Dataset items:
=== Begin Enclosure ===
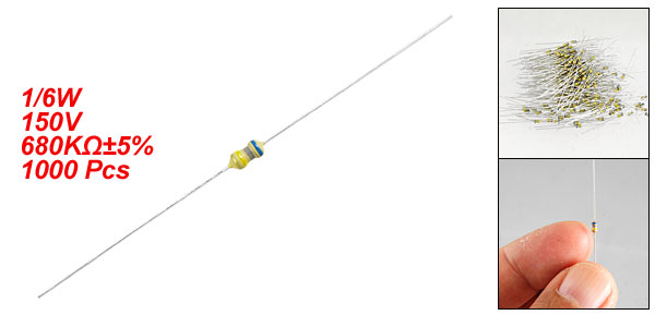Product Name Carbon Film Resistor Quantity 1000±2% Pcs Withstand Voltage 150V Rated Power 1/6W Resistance Value 680K Ohm Tolerance ±5% Lead Diameter(Approx.) 0.4mm/ 0.016" Body Size 4 x 2mm/ 0.16" x 0.08" (L*D)
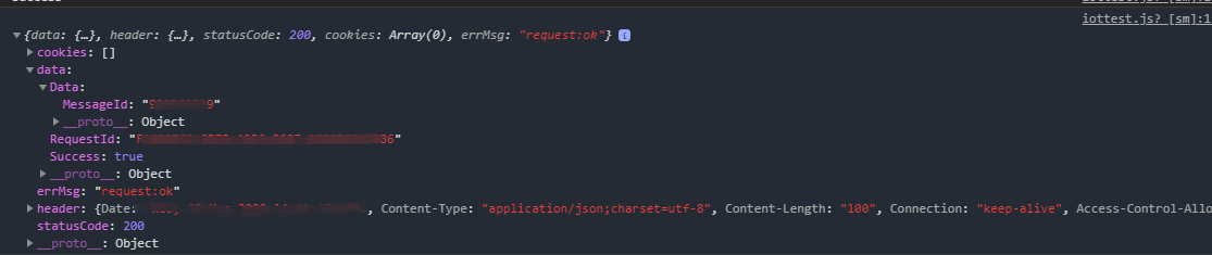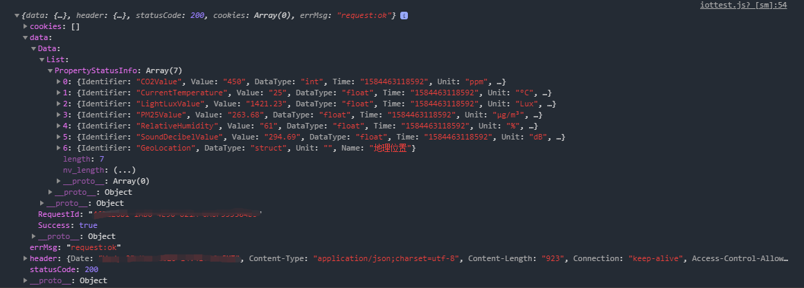 可以看到物联网平台返回的Response结果如下。
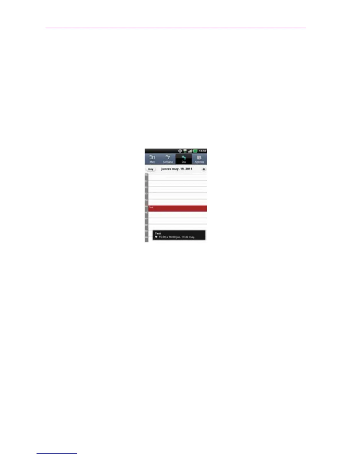 hora. La hora actual estará destacada. Los eventos de todo el día y de varios
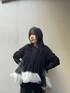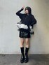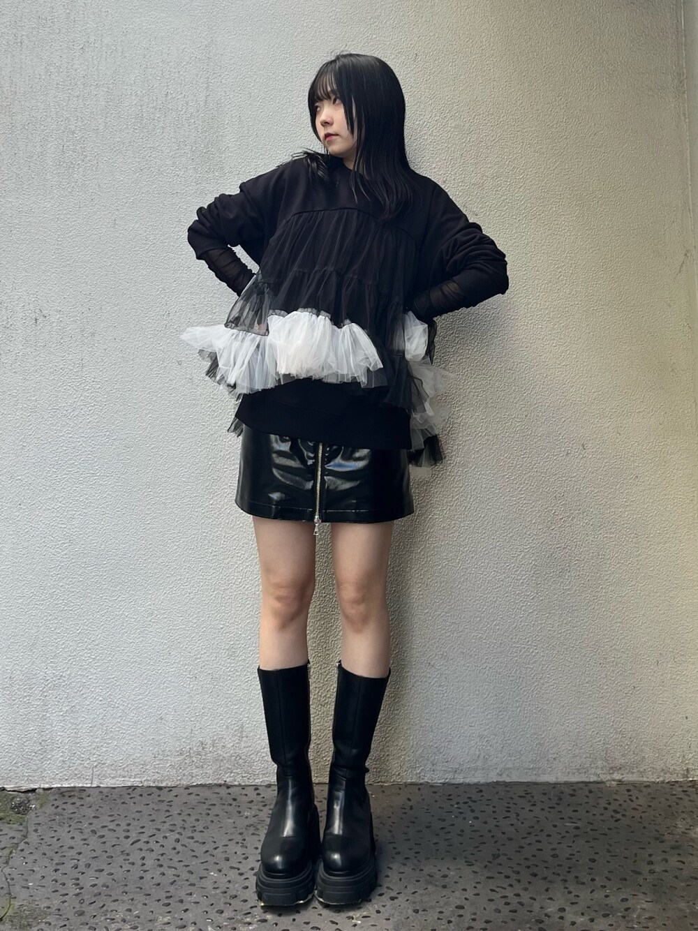 155cm骨格ウェーブです。 スウェット×チュールデザインが目を引くトップスコーデ。 ミニスカで合わせてコンパクトなシルエットに。
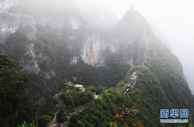 這是7月30日拍攝的霧中的云陽龍缸國家地質(zhì)公園。 云陽龍缸國家地質(zhì)公園位于重慶市云陽縣東南隅,深處三峽庫區(qū)腹心,景區(qū)內(nèi)地貌奇特、雄險俊秀、風(fēng)景壯美。 新華社記者王全超攝
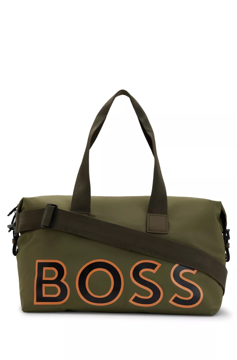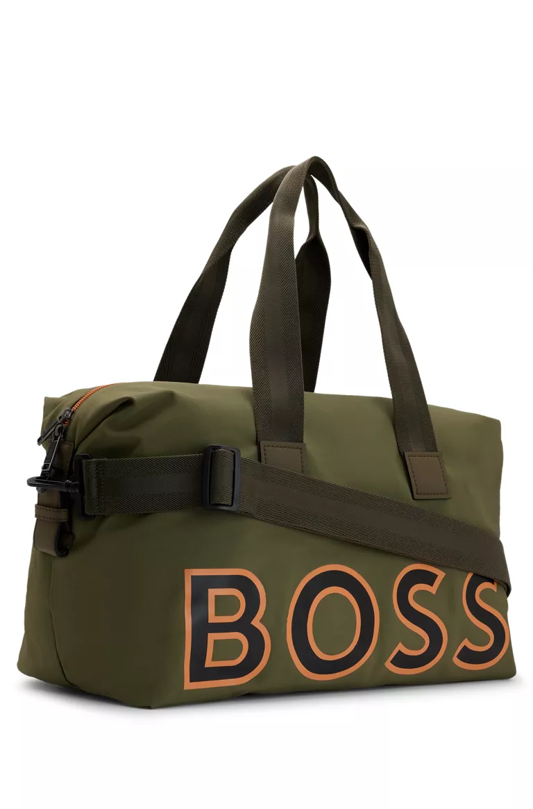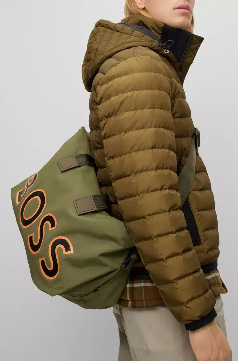 Miesten laukku. Sporttinen Boss weekender-laukku kierrätysmateraalia.
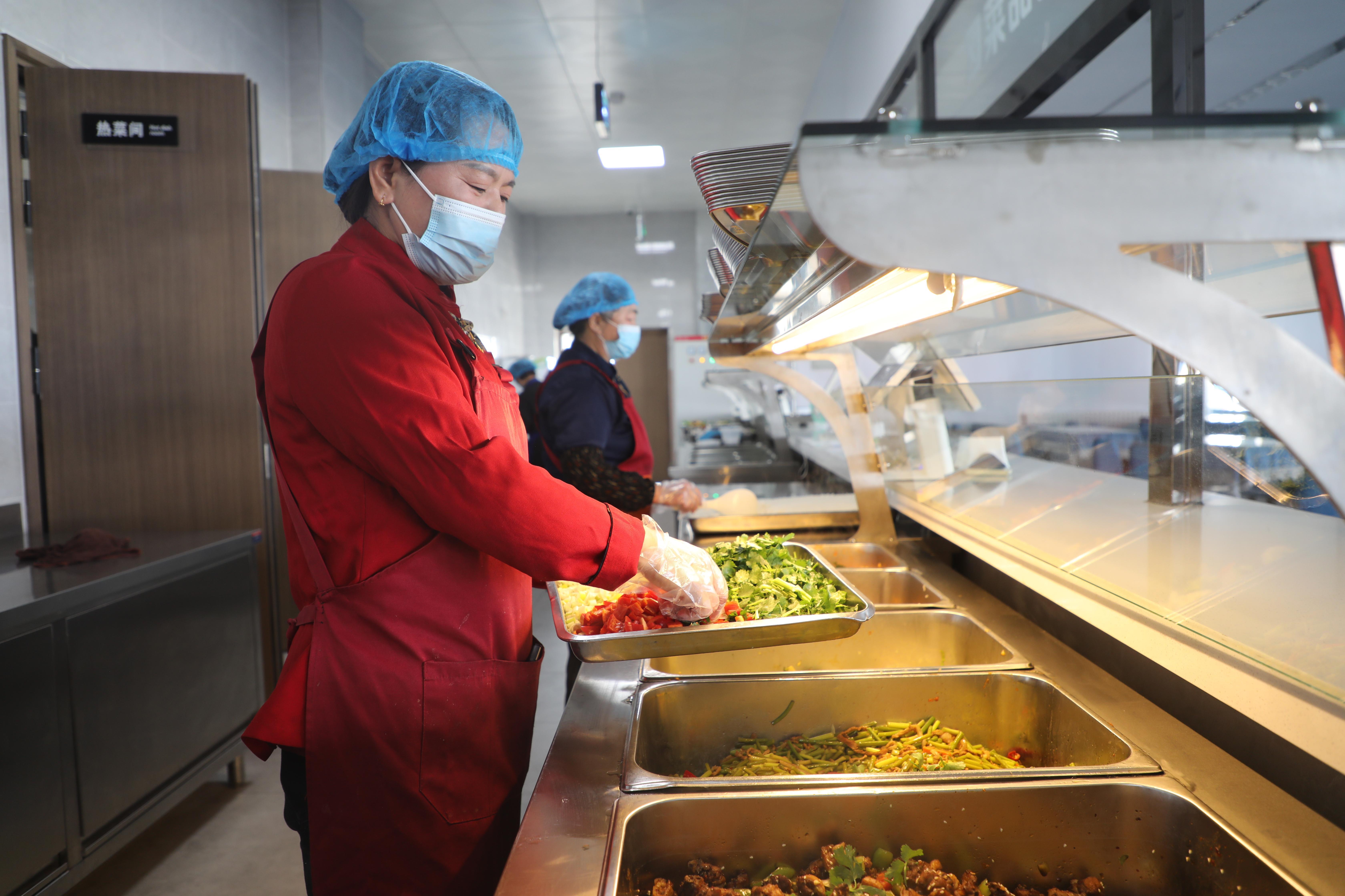 食堂工作人員為職工精心準(zhǔn)備午餐
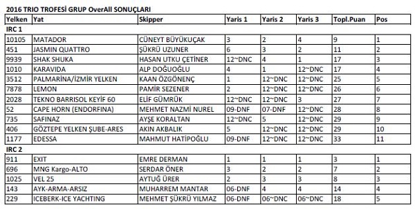 Yarışmanın genel klasmanında; Cüneyt Büyükuçak ve ekibinin bulunduğu “Matador” teknesi, IRC 1 sınıfında birinciliği göğüsledi. IRC 1 sınıfında ikinciliği ise, Jasmin Quattro yelkenlisi ile Şükrü Uzuner ekibi elde etti. IRC 2 sınıfında Emre Derman ve ekibi “Exit” teknesiyle birinci oldu. Sınıfın ikinciliğini ise, MNG Kargo - Alto yelkenlisi ile Serdar Öner ekibi kazandı.
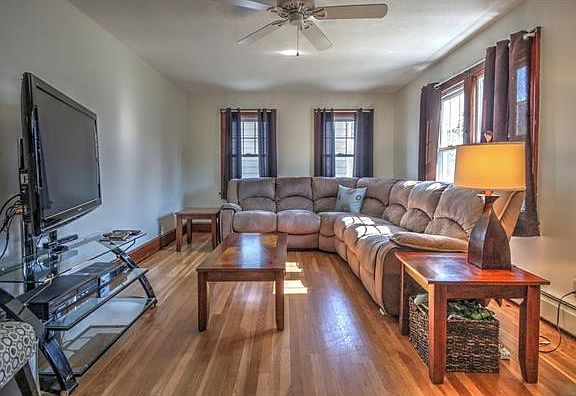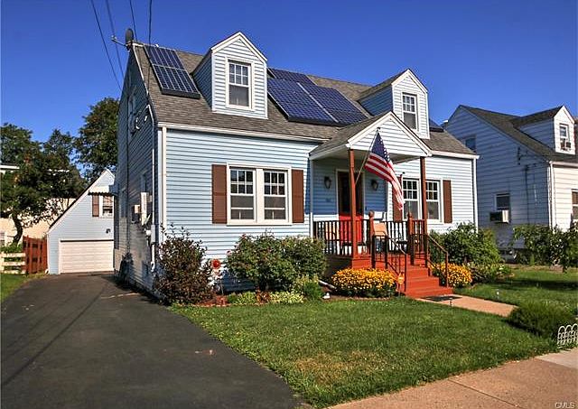 NOTHING TO DO BUT MOVE IN AND UNPACK! Fully dormered cape with detached 2 car garage with additional loft storage features 3 over-sized bedrooms, true eat in kitchen with hickory cabinets and Corian countertop, banquet size dining room, living/family room, gleaming hardwood flooring throughout, partial finished lower level adds additional family/game rec room/storage and office not included in sq.ftg; new energy efficient gas mechanicals including on demand hot water heater, solar panels, new 200 amp electrical service with hookup for generator, newer roof, windows and appliances. Conveniently located and minutes to train, major roadways, shopping, dining and beaches. Agents see Remarks and Attachments re solar panels and security system.
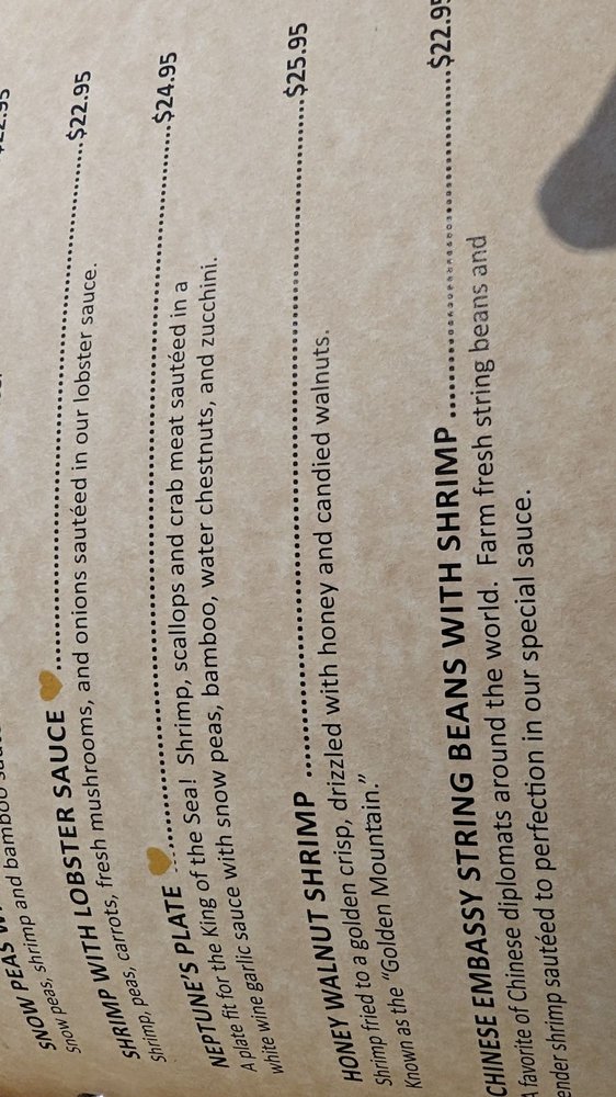 A favorite of Chinese diplomats around the world. Farm fresh string beans and tender shrimp sautéed to perfection in our special sauce.
=== End Enclosure ===
_WORK TO BE COMPLETED:_ Exactly as they appear, please return only the lines from the first line of the records through the line containing "Yarışmanın genel klasmanında;", both included, leaving out all pictures.

_FINISHED TASK:_
Product Name Carbon Film Resistor Quantity 1000±2% Pcs Withstand Voltage 150V Rated Power 1/6W Resistance Value 680K Ohm Tolerance ±5% Lead Diameter(Approx.) 0.4mm/ 0.016" Body Size 4 x 2mm/ 0.16" x 0.08" (L*D)
 可以看到物联网平台返回的Response结果如下。
 hora. La hora actual estará destacada. Los eventos de todo el día y de varios
 155cm骨格ウェーブです。 スウェット×チュールデザインが目を引くトップスコーデ。 ミニスカで合わせてコンパクトなシルエットに。
 這是7月30日拍攝的霧中的云陽龍缸國家地質(zhì)公園。 云陽龍缸國家地質(zhì)公園位于重慶市云陽縣東南隅,深處三峽庫區(qū)腹心,景區(qū)內(nèi)地貌奇特、雄險俊秀、風(fēng)景壯美。 新華社記者王全超攝
 Miesten laukku. Sporttinen Boss weekender-laukku kierrätysmateraalia.
 食堂工作人員為職工精心準(zhǔn)備午餐
 Yarışmanın genel klasmanında; Cüneyt Büyükuçak ve ekibinin bulunduğu “Matador” teknesi, IRC 1 sınıfında birinciliği göğüsledi. IRC 1 sınıfında ikinciliği ise, Jasmin Quattro yelkenlisi ile Şükrü Uzuner ekibi elde etti. IRC 2 sınıfında Emre Derman ve ekibi “Exit” teknesiyle birinci oldu. Sınıfın ikinciliğini ise, MNG Kargo - Alto yelkenlisi ile Serdar Öner ekibi kazandı.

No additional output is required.